- _Task directions_: Verbatim transcription with images omitted: return the entries below in full.

(Recorded data)
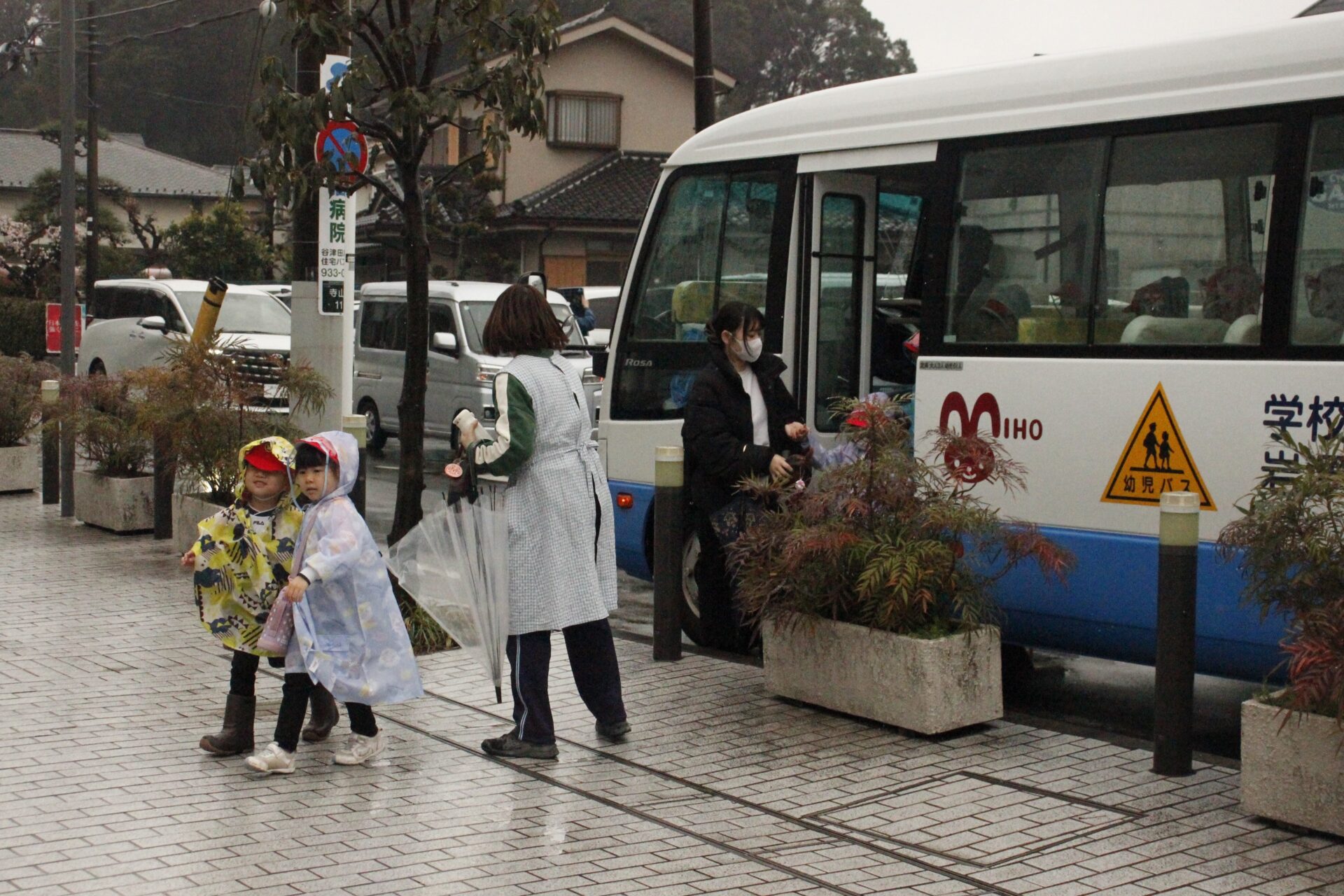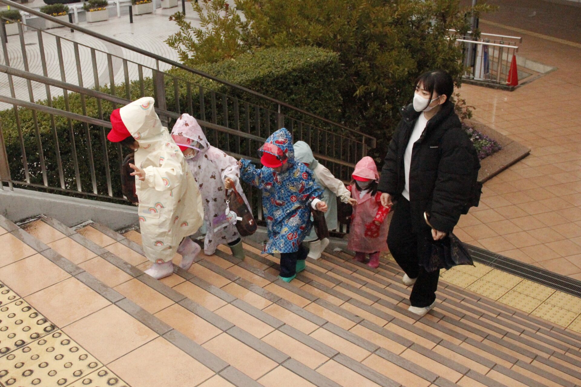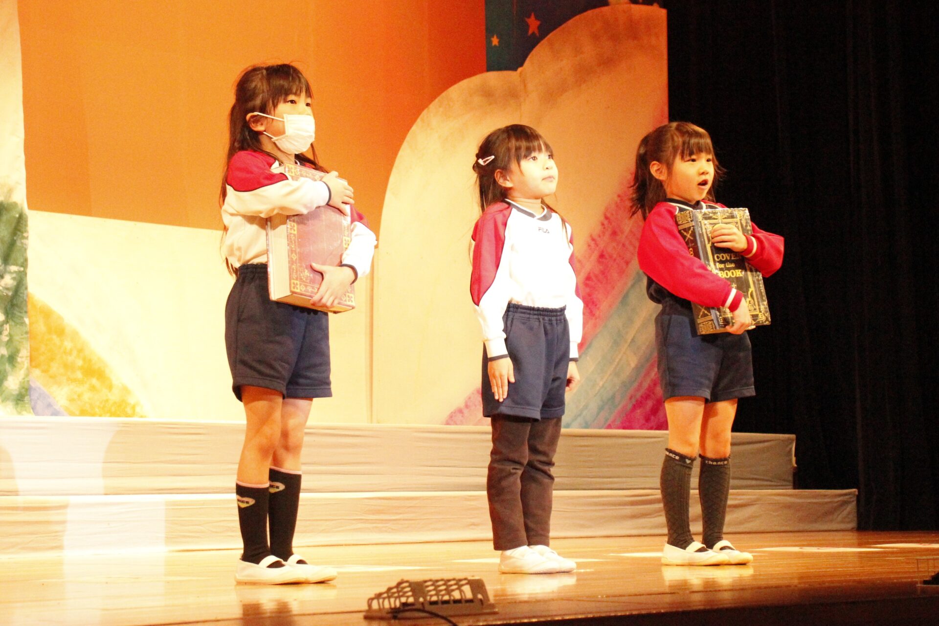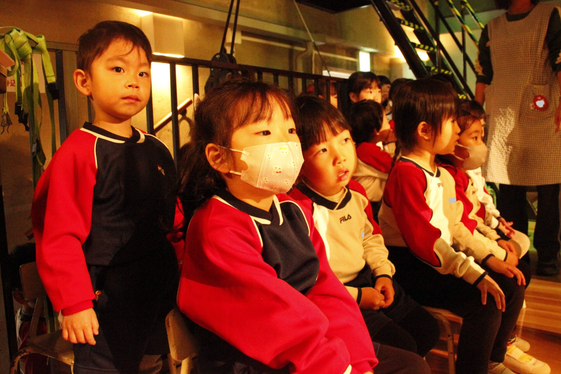 2月25日(水)、翌日に控えたお遊戯発表会のリハーサルを緑公会堂にて行いました。この日はあいにくの雨風の強い一日でしたが、移動のバスの中から子ども達のワクワクした様子が伺えました。
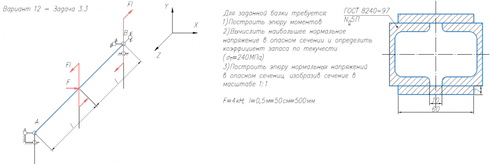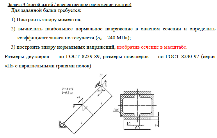 Задача 3 (косой изгиб / внецентренное растяжение-сжатие) Для заданной балки требуется: 1) Построить эпюру моментов; 2) вычислить наибольшее нормальное напряжение в опасном сечении и определить коэффициент запаса по текучести (σт = 240 МПа); 3) построить эпюру нормальных напряжений, изобразив сечение в масштабе. Размеры двутавров ⎯ по ГОСТ 8239-89, размеры швеллеров ⎯ по ГОСТ 8240-97 (серия «П» с параллельными гранями полок).
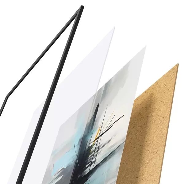 Plagát sa skladá z rámu, plexiskla, vytlačeného obrazu a podkladu z drevotriesky. Plagát možno okamžite zavesiť na stenu vďaka úchytom na zadnej strane.
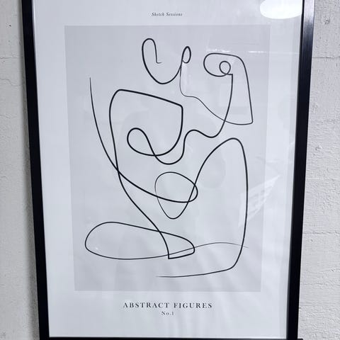 Henri Matisse plakat med motiv i grå toner, innrammet i enkel, mørk ramme.
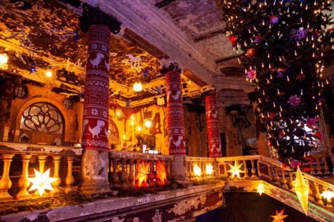В большом зале вырос хвойный лес из 500 елей. Колонны здания украсили изображением вязанных свитеров, лампы заменили на гирлянды в виде Вифлеемских звёзд.

- _Answer space_:
 2月25日(水)、翌日に控えたお遊戯発表会のリハーサルを緑公会堂にて行いました。この日はあいにくの雨風の強い一日でしたが、移動のバスの中から子ども達のワクワクした様子が伺えました。
 Задача 3 (косой изгиб / внецентренное растяжение-сжатие) Для заданной балки требуется: 1) Построить эпюру моментов; 2) вычислить наибольшее нормальное напряжение в опасном сечении и определить коэффициент запаса по текучести (σт = 240 МПа); 3) построить эпюру нормальных напряжений, изобразив сечение в масштабе. Размеры двутавров ⎯ по ГОСТ 8239-89, размеры швеллеров ⎯ по ГОСТ 8240-97 (серия «П» с параллельными гранями полок).
 Plagát sa skladá z rámu, plexiskla, vytlačeného obrazu a podkladu z drevotriesky. Plagát možno okamžite zavesiť na stenu vďaka úchytom na zadnej strane.
 Henri Matisse plakat med motiv i grå toner, innrammet i enkel, mørk ramme.
В большом зале вырос хвойный лес из 500 елей. Колонны здания украсили изображением вязанных свитеров, лампы заменили на гирлянды в виде Вифлеемских звёзд.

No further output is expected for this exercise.